- [ASSIGNMENT] Please print the line that holds "稜線から下ると植林帯に入り、" and each line after it to the end of the data, word for word, without any pictures.

Saved entries

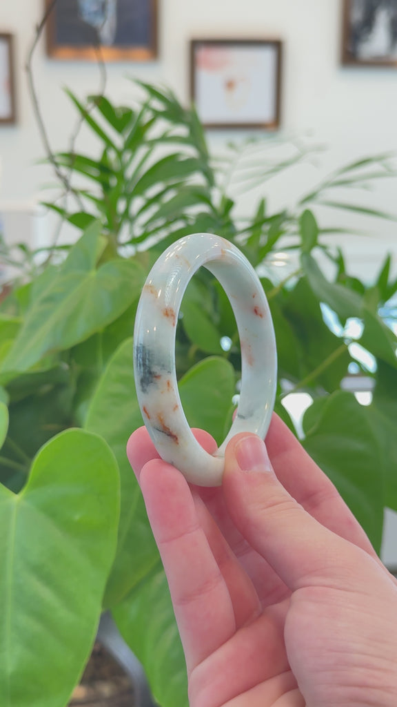 * DETAILS--- This beautiful bangle is crafted from premium Burmese Jadeite, featuring vibrant blue red spots that glow like golden embers. Its smooth, translucent texture and classic half-round design highlight the jade’s natural beauty with elegance. Just has little natural stone line. A rare and meaningful collectible, it makes a thoughtful gift for yourself or someone special.
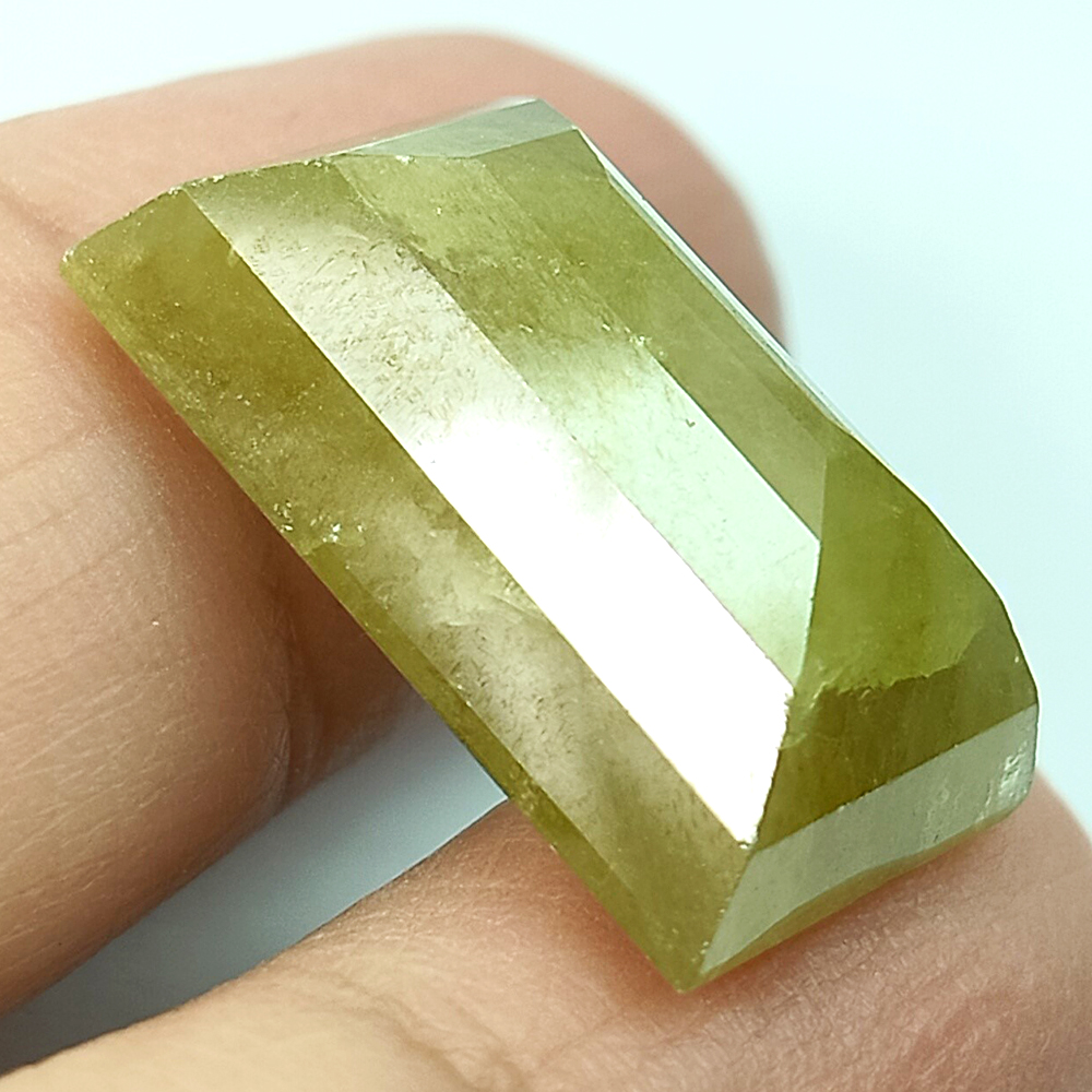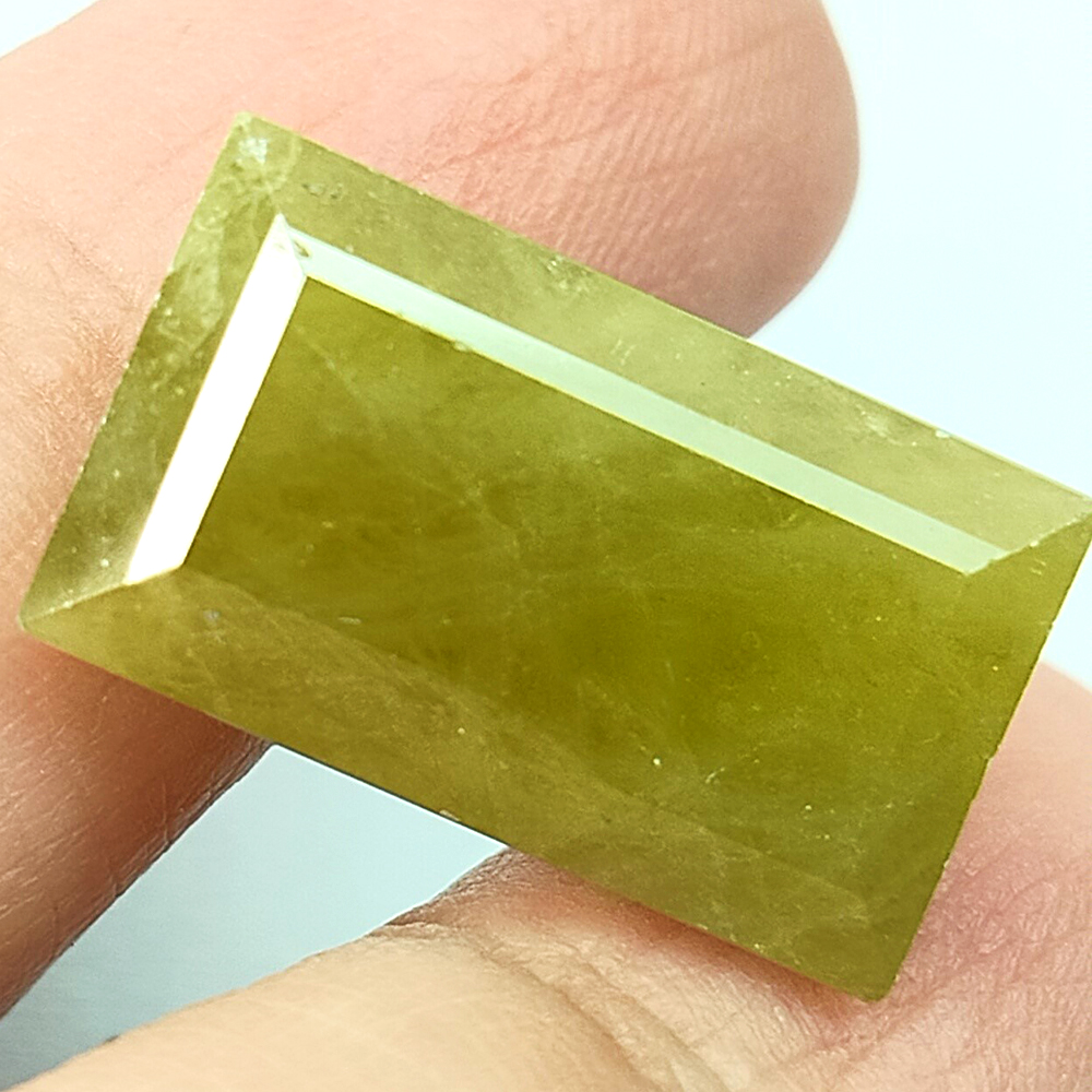 Natural Green Yellow Sphene 22.19 Ct. Baguette Shape 20 x 11.7 Mm Gemstone From Madagascar
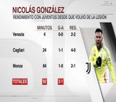 据ESPN统计,冈萨雷斯伤愈复出后参加3场比赛,其中1场首发2场替补,总计出场92分钟,打进2球送出1记助攻,参与3粒进球。
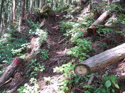 稜線から下ると植林帯に入り、展望なく稜線の爽やかさに比べると時間的なこともあり暑いです。
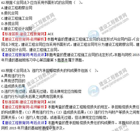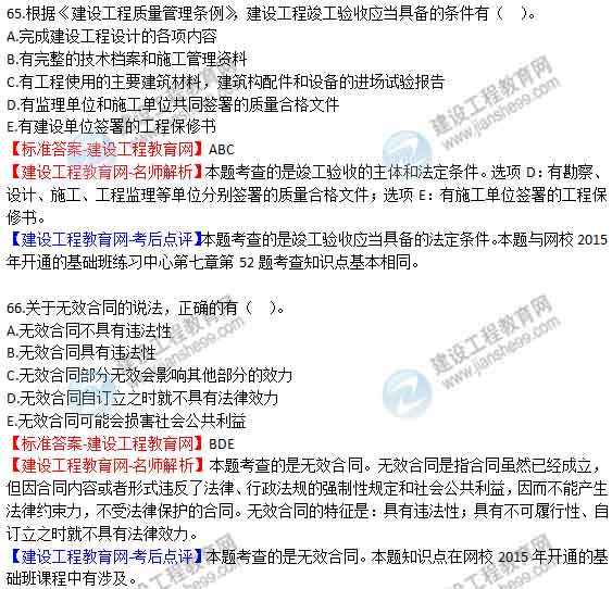 2015年二級建造師《建設(shè)工程法規(guī)及相關(guān)知識》答案及解析由老師整理而成,部分網(wǎng)站未經(jīng)許可擅自轉(zhuǎn)載、抄襲,造成內(nèi)容有所缺失或錯(cuò)誤,請大家以建設(shè)工程教育網(wǎng)發(fā)布為準(zhǔn)!二建試題答案

- [RESULT BELOW]
 稜線から下ると植林帯に入り、展望なく稜線の爽やかさに比べると時間的なこともあり暑いです。
 2015年二級建造師《建設(shè)工程法規(guī)及相關(guān)知識》答案及解析由老師整理而成,部分網(wǎng)站未經(jīng)許可擅自轉(zhuǎn)載、抄襲,造成內(nèi)容有所缺失或錯(cuò)誤,請大家以建設(shè)工程教育網(wǎng)發(fā)布為準(zhǔn)!二建試題答案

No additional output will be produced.